Researchers at the University of Illinois Chicago have identified a novel biomarker for depression that predicts the efficacy of antidepressant treatment. The corresponding research was published in Molecular Psychiatry.
Major Depressive Disorder (MDD) is a leading cause of disability worldwide. Selective Serotonin Reuptake Inhibitors (SSRIs) are one of the most commonly used antidepressant treatments for the disorder however can take months to work and are not effective for all patients.
"When you are depressed, adenylyl cyclase is low, " said Mark Rasenick, lead author of the study, "The reason adenylyl cyclase is attenuated is that the intermediary protein that allows the neurotransmitter to make the adenylyl cyclase, Gs alpha, is stuck in a cholesterol-rich matrix of the membrane -- a lipid raft -- where they don't work very well."

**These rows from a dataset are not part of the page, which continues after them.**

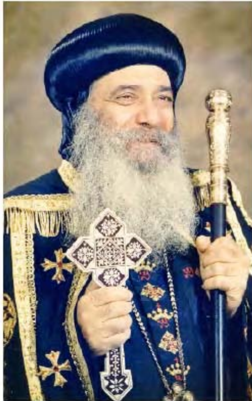
H.H. Pope Shenouda III, 117th Pope of Alexandria and the See of St. Mark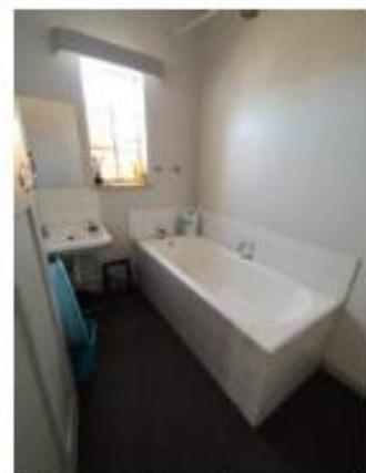
Two bedroom units second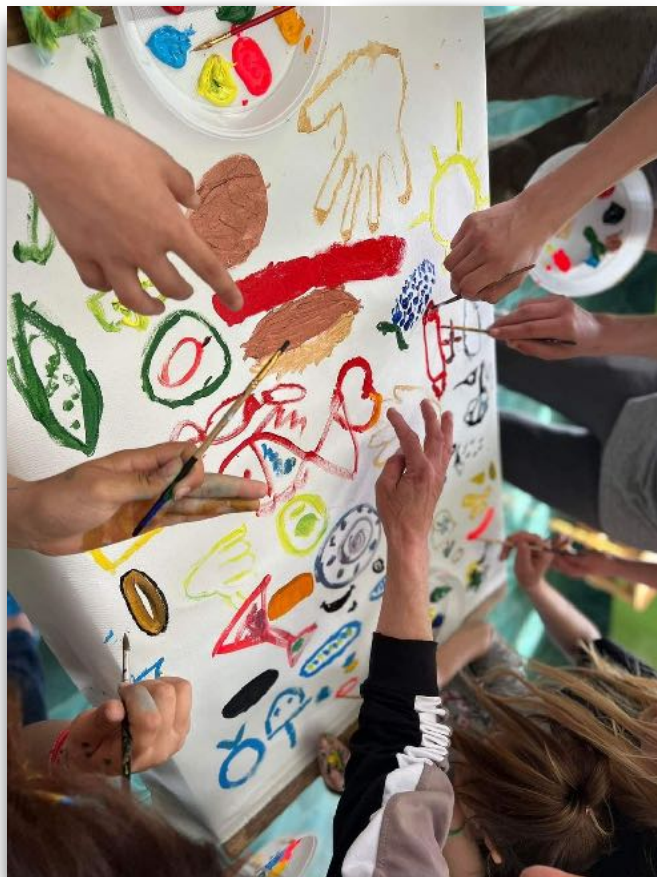
Painting with orphans in Lutsk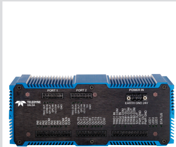
GEVA Vision System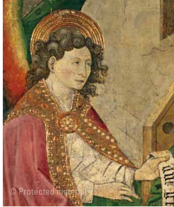
13. Master of Cervera de la Cañada (active in second half of 15th century) Annunciation of the Virgin Amatller Collection, Barcelona Detail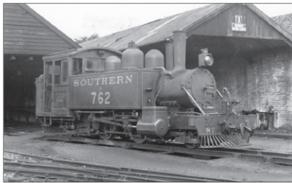
In SR livery 2-4-2T E762 'LYN' (BLW 15965/1898) is at Pilton Yard in the early 1930s.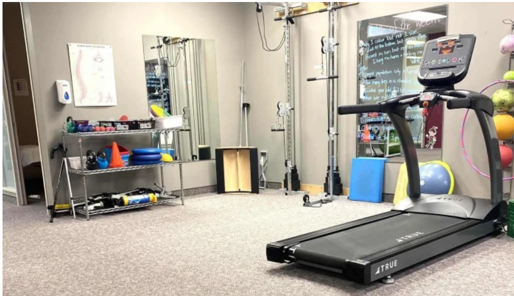
Arthritis sports medicine centre asmc cbi health physical therapist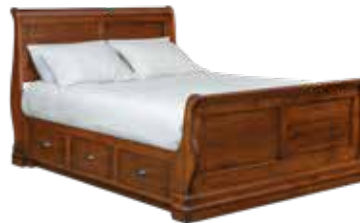
84-541-3 CALAIS SLEIGH BED -with high footboard and underbed storage -50" h (head) 30" h (foot)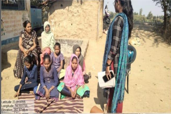
Latitude: 23.013705 Longitude: 74.231731 Elevation: 287.9748 m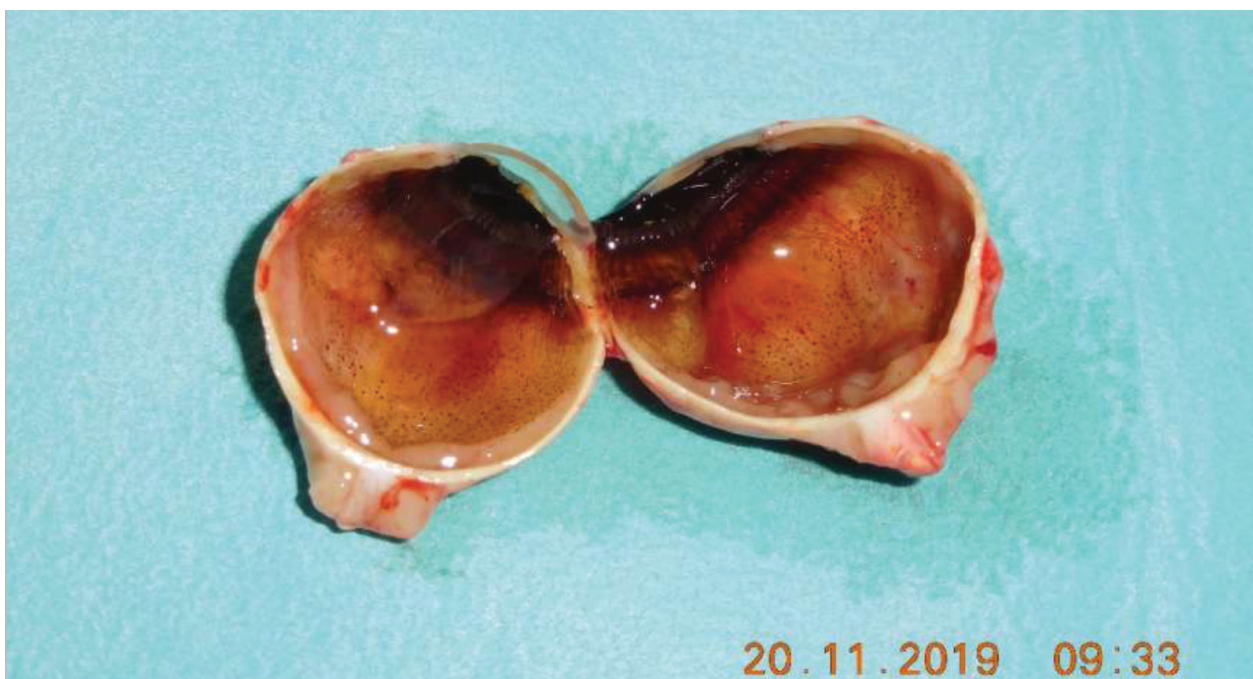
Figure 2. Bulbus after the enucleation: intraocular mass 2x1cm with circular overgrowing around the optic nerve

wall of the bulbus under the choroid was described as a solid infiltration of small lymphocytes, with a round or slightly folded nuclear membrane, lumpy chromatin, central nucleus, small amount of cytoplasm, with formation of germ / proliferative centres; mitotic activity was low. The same infiltration was in the retrobulbar tissue around the optic nerve.

For the present study, the researchers included 49 participants aged 30–65 who met the diagnostic criteria for MDD, as well as 59 healthy controls. The participants gave two blood samples, one week apart, to check for the presence of Gs alpha, with a third being optional for those who chose to take medication.
In the end, the researchers found that MDD subjects had lower adenyl cyclase levels than the control samples. In medicated patients who showed improvement, however, levels of adenyl cyclase were elevated by at least 30%, and Gs Alpha was shown to be out of the membrane.
These findings, say the researchers, indicate that GS Alpha could be used as a biomarker to identify individual responses to antidepressant medication. Within a week of treatment, blood tests would be able to show whether or not Gs alpha is inside lipid rafts, and thus indicate treatment efficacy.
The researchers noted several limitations to their findings. The small sample of participants may not be representative of the wider population. The study also lacked a placebo group, so the researchers were unable to establish whether changes arose from antidepressant usage or other means.
In future studies, they hope to determine the full utility of the biomarker and whether it can predict antidepressant response before clinical metrics.